= Taco Trucks at Every Mosque =

Community initiative in California

Taco Trucks at Every Mosque (also #TacoTrucksAtEveryMosque) is a community initiative started in Orange County, California that aims to bring together Muslim and Latino communities through sharing food. The events were the idea of Rida Hamida and Ben Vazquez. The first event took place on June 3, 2017 and have taken place throughout California, in Mexico and Milwaukee.

== History ==
While Latinos currently make up around a third of Orange County's residents and there are 120,000 Muslims, both minority groups do not have much political power. In 2016, both groups of people saw an increase in documented hate crimes against their communities. Also in 2016, Marco Gutierrez of the Latinos for Trump group, said, "You're going to have taco trucks on every corner." When Donald Trump won the presidency, there was an increase in the amount of both anti-immigrant and anti-Muslim feelings in American culture. After Trump won, Rida Hamida, a Muslim from Anaheim, and Benjamin Vazquez, who is a Latino from Santa Ana, met and began a discussion about what Muslims and Latinos could learn from one another.
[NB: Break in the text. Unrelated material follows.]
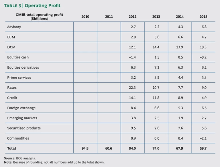 As a result, the overall profit pool for investment banking fell from $68 billion in 2014 to $60 billion in 2015. (See Exhibit 4.) The downturn was driven by a combination of declining revenues and escalating CIRs, with each percentage point rise in the CIR costing the industry, on average, about $3.7 billion in profit. Of course, CIRs vary dramatically by business line. At one end of the spectrum, the CIR for commodities—which posted a revenue loss in excess of $2 billion in 2015—ranges from 90% to 110%. Highly electronic markets, such as cash equities, also have a CIR that can exceed 100%. Indeed, despite the increase in cash equities revenues in 2015, the business line did not manage to break even. DCM and M&A were among the most lucrative business lines in 2015, posting profits of $10 billion and $7 billion, respectively. Primary markets have some of the lowest CIRs in the industry.

Hamida and Vasquez thought about the taco truck idea and about bringing Muslims to Mexican restaurants. In the end, they decided to bring taco trucks to mosques. Using the taco trucks (or loncheras) was also a way to empower Latinos. Taco Trucks at Every Mosque is also a way for the two minority communities to get to know one another and combat the fear of immigrant communities.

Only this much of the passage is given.